1,264 total views
A former music student here, James May is perhaps best known for his role in BBC’s Top Gear alongside Jeremy Clarkson and Richard Hammond. He has written several books and presented a number of his own TV shows Including James May’s Toy Stories.
Upon meeting the legendary ‘Captain Slow’ I asked him how he spent his time here since his arrival the previous evening. “I went out on the campus last night, exploring a few bits that I remember. I actually remembered better than I remembered I remember… I didn’t really get here in time to go to Lancaster, and I have to go home this evening because I’ve got to go into work tomorrow. What I’d like to do is bring my girlfriend Sarah up here, she’s never been to Northern England and I want to bring her to Lancaster.”
James then began to reminisce about his favourite drinking establishments whilst he was at university. “The Plough was there when I was there, it was really the ‘old farts’ pub full of elderly chaps complaining about things. I gather it may have switched round a little now. I remember the Brown Cow, the Blue Anchor and the Pendle Witch down by the river. Oh, and the Sugarhouse obviously. We used to love the Sugarhouse, because, well it was cheap mainly. Cheap, and safe. In the way that you knew where you were, that your mates would be there.”
Asides from the memorable nights out at Sugar, I asked whether James had any memorable moments from his experiences at Lancaster, to which he responded, “If you mean great moments of academic achievement, no. There weren’t very many of those. Oh, I broke a window with a football here, in the Biology building and never owned up to it. I think I can probably admit to that now.”
As we continued to walk around campus, James began to point out areas he remembered from his time here. “This road here, used to be, in the olden days, a little country lane. We used to ride our bicycles down to Galgate. We did a lot of riding bicycles, we were poor, but happy.”
As a fellow Pendle student (more evidence that Pendle are awesome) I asked James about rivalry between colleges. “I was in the old Pendle. There used to be some friendly animosity between Pendle and County. They thought they were a bit posh up there, or a bit more clever or established. We nicked their Christmas tree once.”
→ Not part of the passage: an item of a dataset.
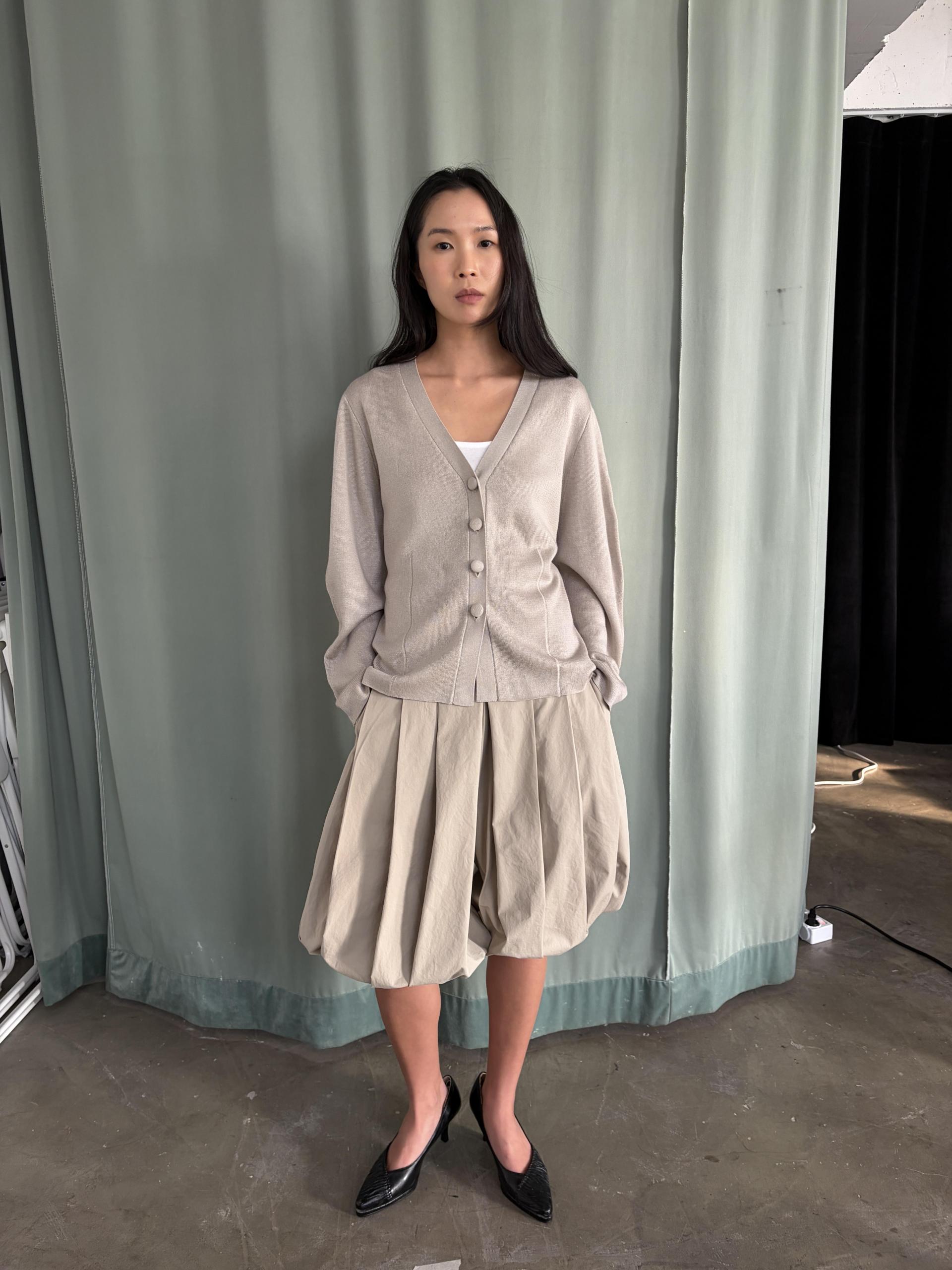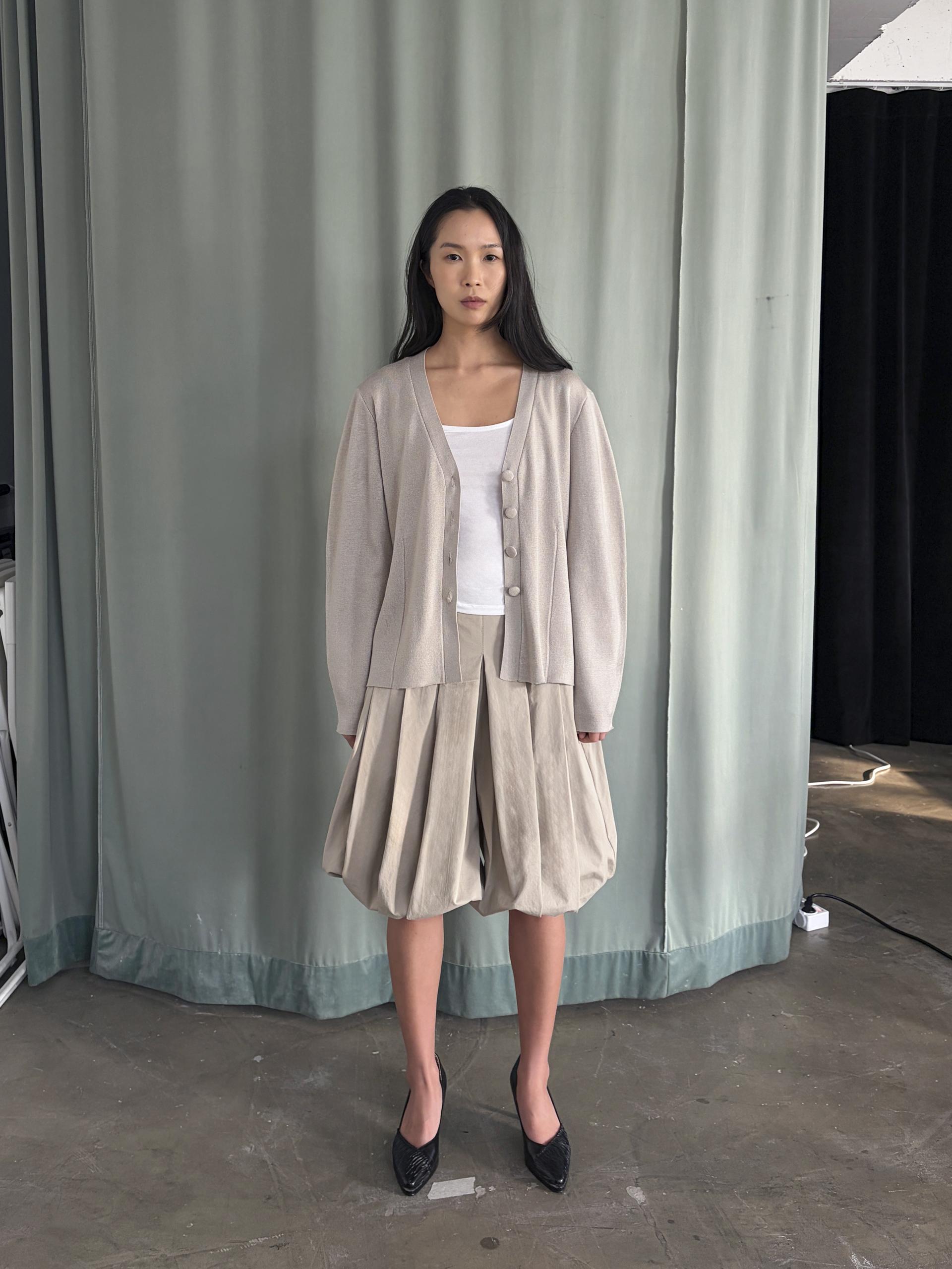 - 벌룬 형태의 버뮤다 플리츠 팬츠

James didn’t remember there being any college chants whilst he was a student, and I couldn’t resist reciting Pendle’s “Pendle all the way, Pendle all the way, James May, James May, Pendle all the way”. He was rather impressed, “That’s very nice! I’ve been immortalised in a college chant”.
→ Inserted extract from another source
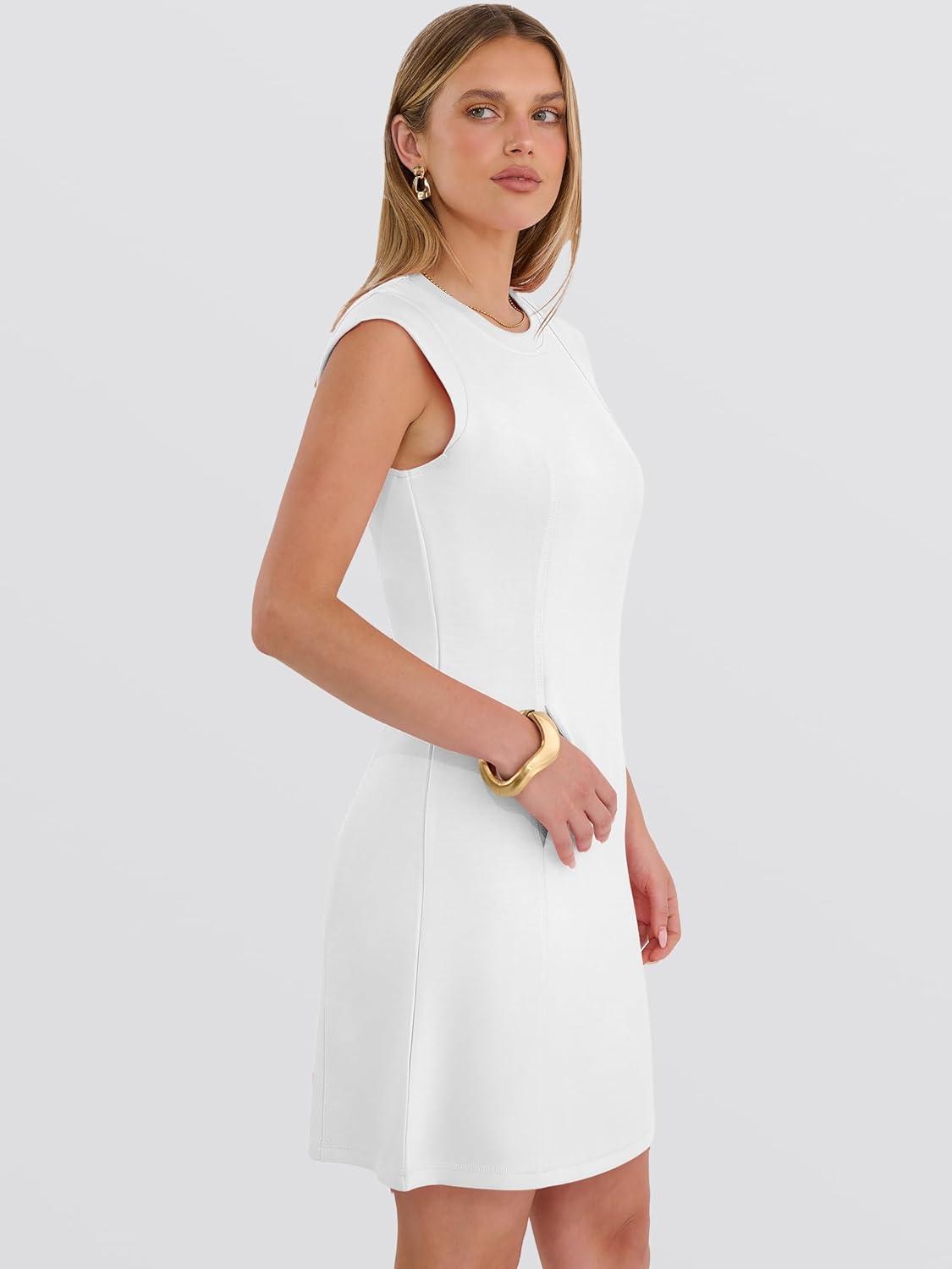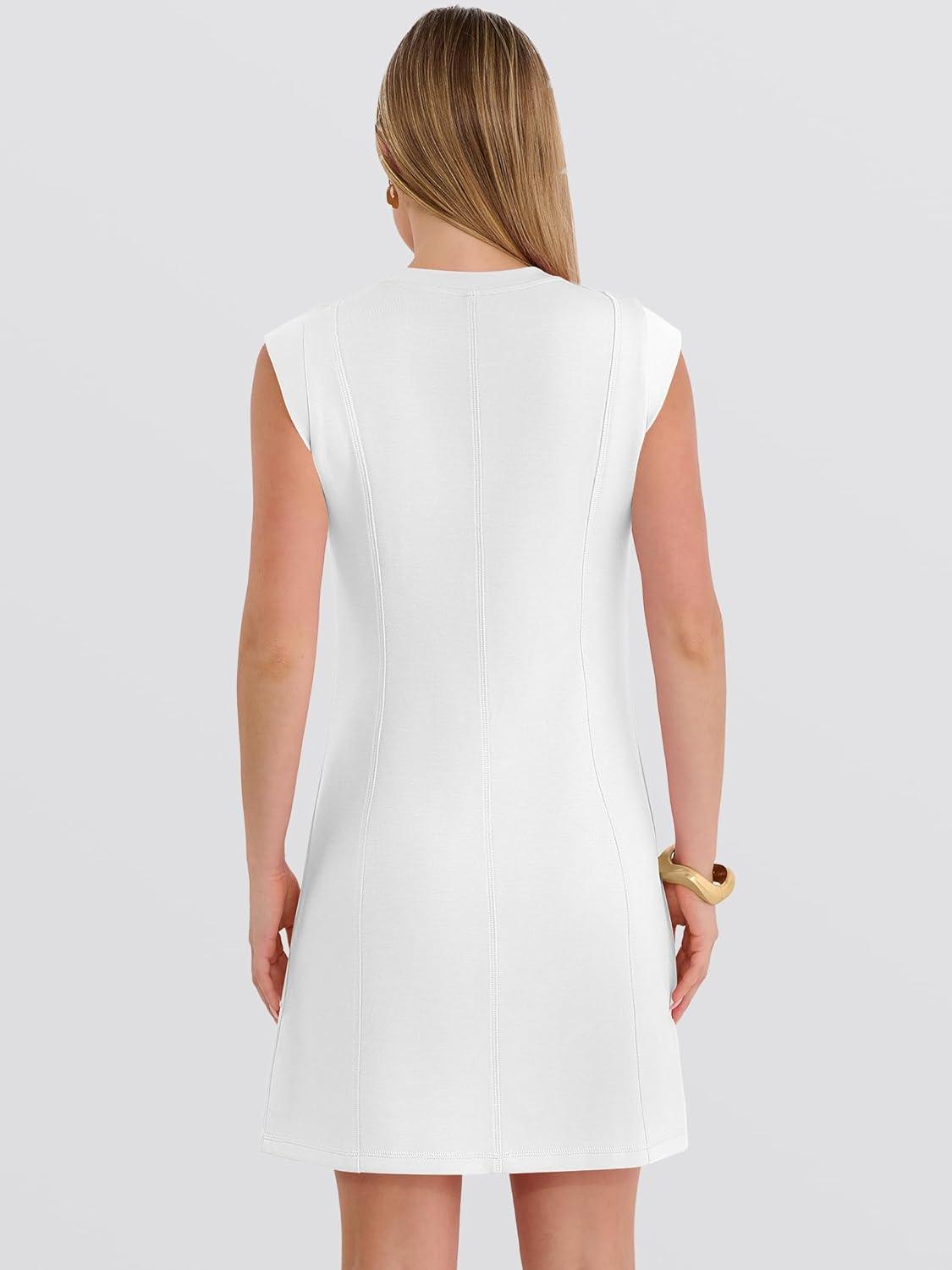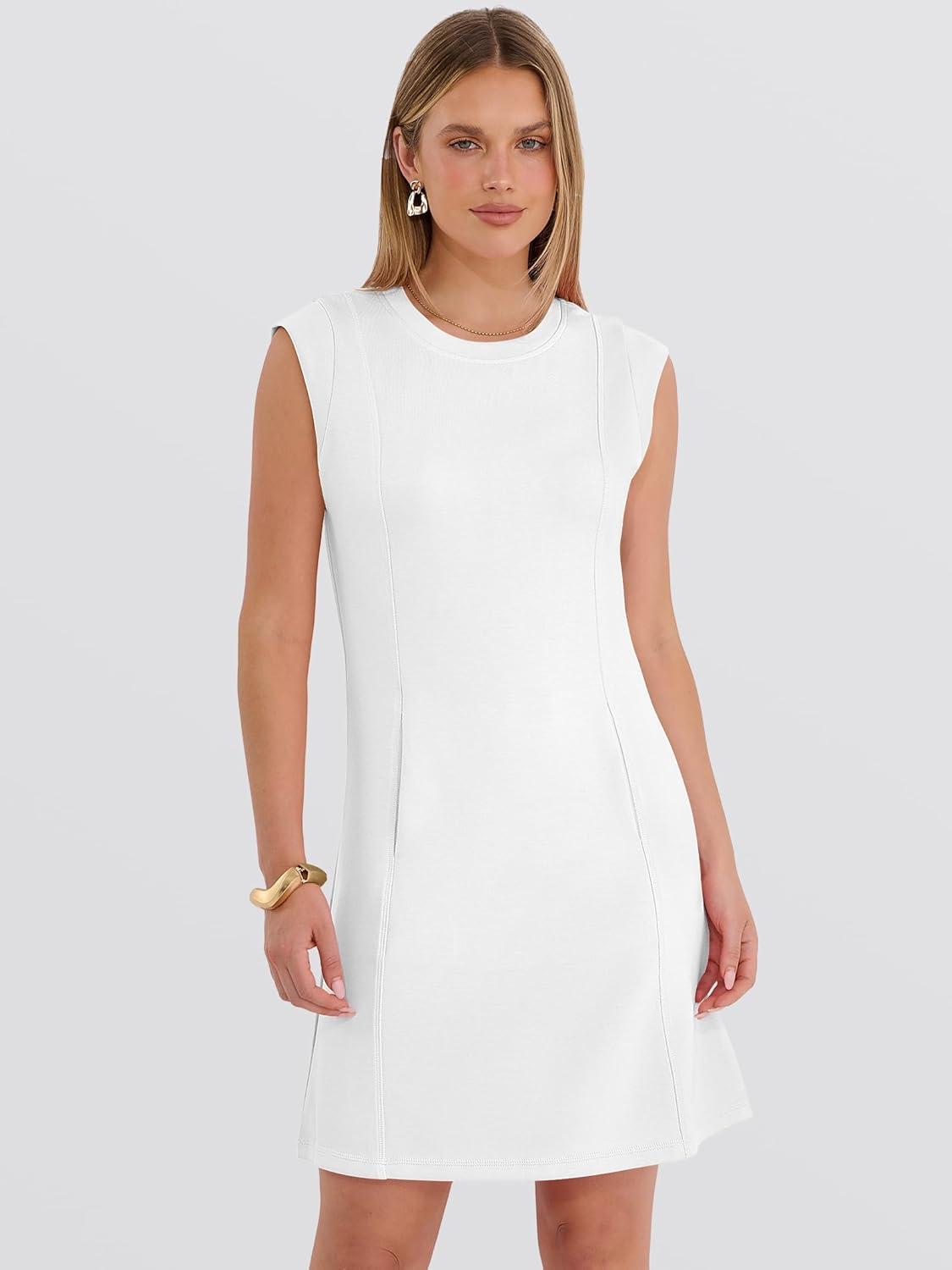 ANRABESS Summer Dresses for Women 2026 Casual A Line Sleeveless Wrinkle-Free Cute Beach Travel Vacation Short Mini Sundress(White)

James remarked upon the “brilliance” of Lancaster’s college system and how it was one of the things that attracted him to the University. “I think that the thing that’s good about it, is that if you go to any other University and study music, then you’re just going to end up with a load of musicians, which is to be avoided really. With the college system here, you just end up with people studying in all different areas. It’s a good way of mixing people up”.
I asked if he felt that his experiences at Lancaster helped to develop his career in any way. He thought about it for a moment, before replying “I didn’t end up doing what I aimed to do. I ended up doing this by accident, but now that I’m in it I think that the things I learnt here were very important. Even if you’re a bit of a ropey student like I was, going to a University, especially a non-stuffy modern one like this, is a great experience”.
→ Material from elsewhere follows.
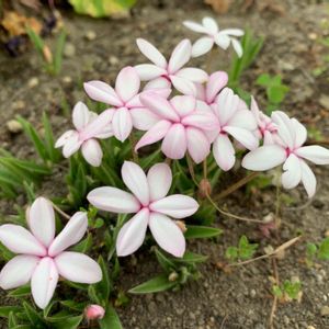 アッツザクラ(アツザクラ) 朝の散歩🚶で見かけました。 キンバイザサ科ロードヒポキシス属、南アフリカ原産の半耐寒性球根植物でアッツ島とは関係ありません。 📷 2020.5.13
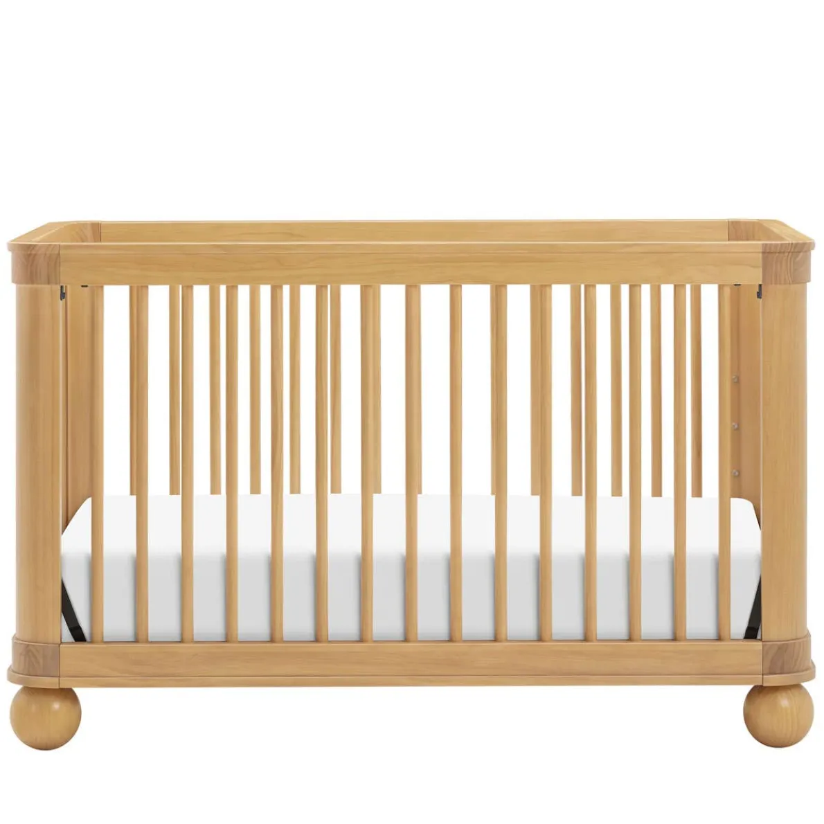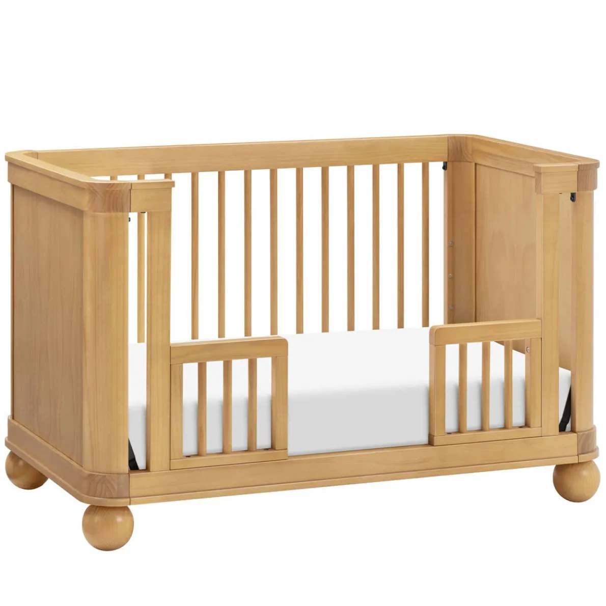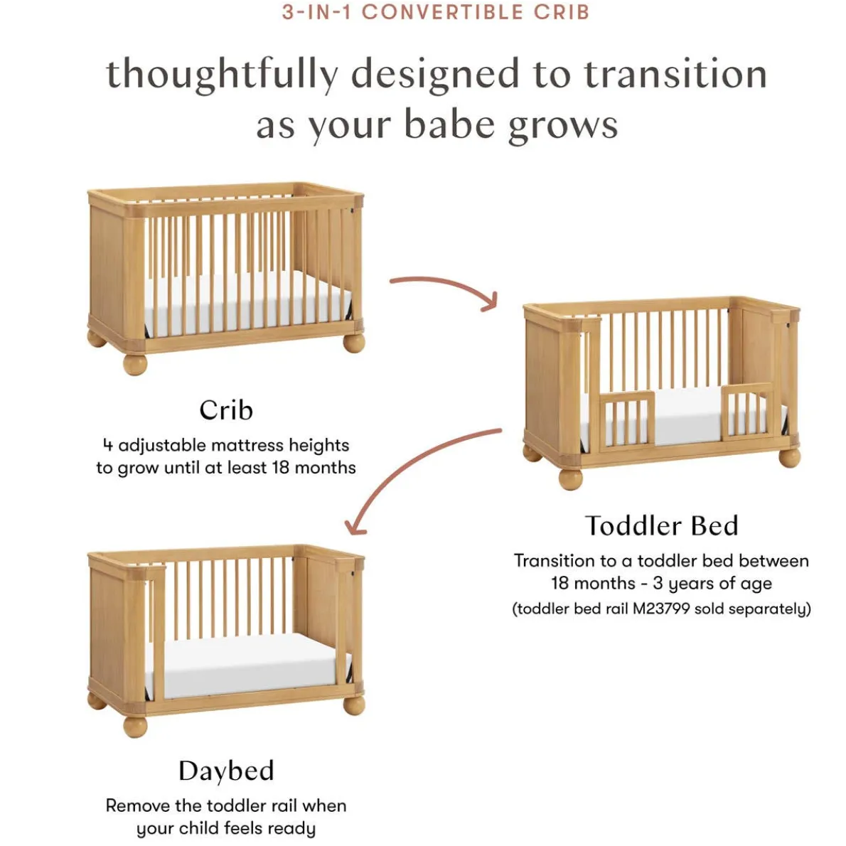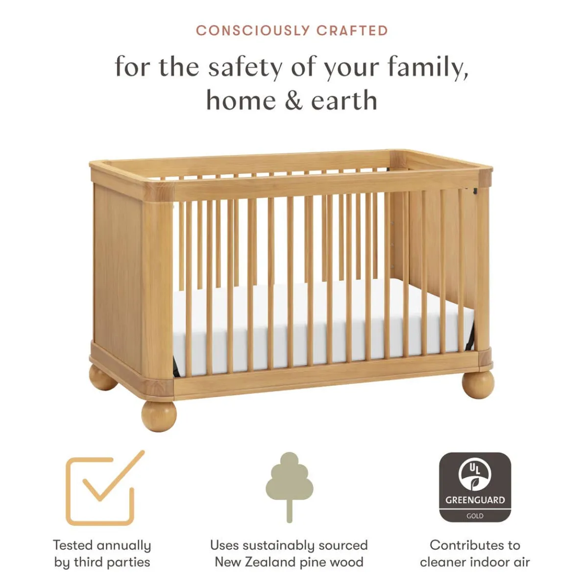 Blending classic design with contemporary elements, the Crosby 3-in-1 Convertible Crib provides both style and function to your home and nursery. With its gently curved silhouette and whimsical rounded ball feet, this crib is crafted with quality, sustainable materials and certified GREENGUARD Gold with your child’s safety in mind. Designed to grow as they grow, the Crosby is able to convert from standard crib to a toddler bed and daybed to best fit your needs for years to come.

On Top Gear, I asked if Jezza was the ‘Simon Cowell’ of the team. James responded with good humour, “Do you mean obnoxious, and horrible to look at? Yes, I suppose he is”. I also asked about his first car whilst he was a student. “I had a yellow Vauxhall Cavalier 1.6L which my dad gave me. It wasn’t actually very old, but it had done a massive mileage. That was the car I brought here, but lots of people didn’t have cars back then. It was useful to have a car but I didn’t use it that much other than going to and from home. It was quite nice occasionally to all pile in the car and go for a picnic or something. We used to go to Morecambe and go to the pier and the funfair, but I gather students don’t go there much any more which is a shame”.
When I brought up his other shows, James spoke about his enjoyment of filming James May’s Toy Stories. “It was very difficult to do but very fun. My favourite toy is probably Lego. Lego or Meccano. Anything constructive”.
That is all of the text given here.